Lung cancer incidence is increased among the younger population, and various factors are being responsible for that [1,2]. Accompaniment of myasthenia gravis with solid tumors like lung cancer is reported [3,4]. A 28 year old housewife with persistent cough and exertional shortness of breath diagnosed with squamous cell carcinoma, she also has a history of seropositive myasthenia gravis, diagnosed 12 years ago, with right sided petosis, hoarseness and dysphagia. It seems that a history of thymoma increases the chance of extra thymic malignancies [3-5]. Occurrence of cancer in these patients might be synchronous or a few years before or after the onset of MG. Long-term exposure to corticosteroids and the 12-year history of MG are seemingly the leading causes of cancer development in this young female.
Keywords: Lung Squamous Cell Carcinoma; Young Adult Female; Myasthenia Gravis
Lung cancer incidence is increased with the process of ageing and numerous factors are involved in the pathogenesis of this disease. on the other hand, it is becoming more prevalent among the younger population, with various factors such as gene mutatations, a history of pulmonary disease, a family history of cancer and dysregulation of the immune system, being responsible for that [1,2]. Accompaniment of myasthenia gravis with solid tumors like lung cancer is reported in a number of studies [3,4]. Here, we present a case of 28-year-old, non-smoker, female with squamous cell carcinoma of lung and a 12 year history of myasthenia gravis.
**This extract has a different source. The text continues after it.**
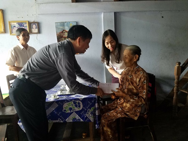 | Ông Lê Trường Lưu - Bí thư Tỉnh ủy Thừa Thiên Huế cùng lãnh đạo Thị ủy Hương Thủy, Sở LĐ - TB&XH tỉnh thăm hỏi và tặng quà cho bà Võ Thị Dọn, người có công giúp đỡ cách mạng |

28-year-old housewife is referred to the oncology clinic with the chief complaint of persistent cough and episodes of exertional shortness of breath. The patient also complains of a chest discomfort and a significant weight loss of 10kg in the last two months. No complaints of hemoptysis are mentioned. She gives no history of environmental or occupational exposure and has never smoked in the past. The productive cough began 5 months prior to admission and has been treated with the diagnosis of pneumonia, due to lack of improvements, further investigation was conducted, leading to the diagnosis of a non-small cell lung cancer. Pathologic analysis revealed a non-small cell lung carcinoma, morphologically consistent with a squamous cell carcinoma, IHC staining results were positive for p63 and cytokeratin and negative for TIF1, NSE and synaptophysin markers, further confirming the diagnosis of SCC. The patient has a history of seropositive myasthenia gravis, diagnosed 12 years ago. MG manifested with right sided petosis, hoarseness and dysphagia, gradually causing involvement of other muscles.
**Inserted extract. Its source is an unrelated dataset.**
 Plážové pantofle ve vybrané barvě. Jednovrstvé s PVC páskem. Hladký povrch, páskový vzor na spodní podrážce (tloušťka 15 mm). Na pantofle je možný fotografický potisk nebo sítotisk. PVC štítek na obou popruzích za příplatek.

Following the diagnosis, she has been medically treated with Mestinon, Cyclosporine and Prednisolone, and has underwent plasmapheresis and thymectomy. She has been on a maintenance dose of Prednisolone ever since. In the physical examination, the patient was hemodynamically stable and tachypneic. No signs of fever or hemoptysis were noted. In the chest auscultation, a diffuse fine crackle in both of the lungs and a stridor were heard. Chest retraction was also noted. The upper and lower limbs muscle force was 4/5 and no signs of ptosis or proximal myopathy were observed. However, the patient had complaints of a generalized weakness. Chest CT reported bilateral multiple diffuse lung nodules, up to 9mm. CT scan of abdomen and pelvis showed no evidence of metastasis to the liver or adrenal glands and no retroperitoneal involvement was reported. The bone scan revealed lytic lesions on the posterior arch of the lower ribs (T-10, T-11, T-12). Complete blood count was significant for a leukocytosis with the majority of neutrophils and the metabolic panel showed an increase in the level of LDH and ESR. The rest of laboratory tests were unremarkable.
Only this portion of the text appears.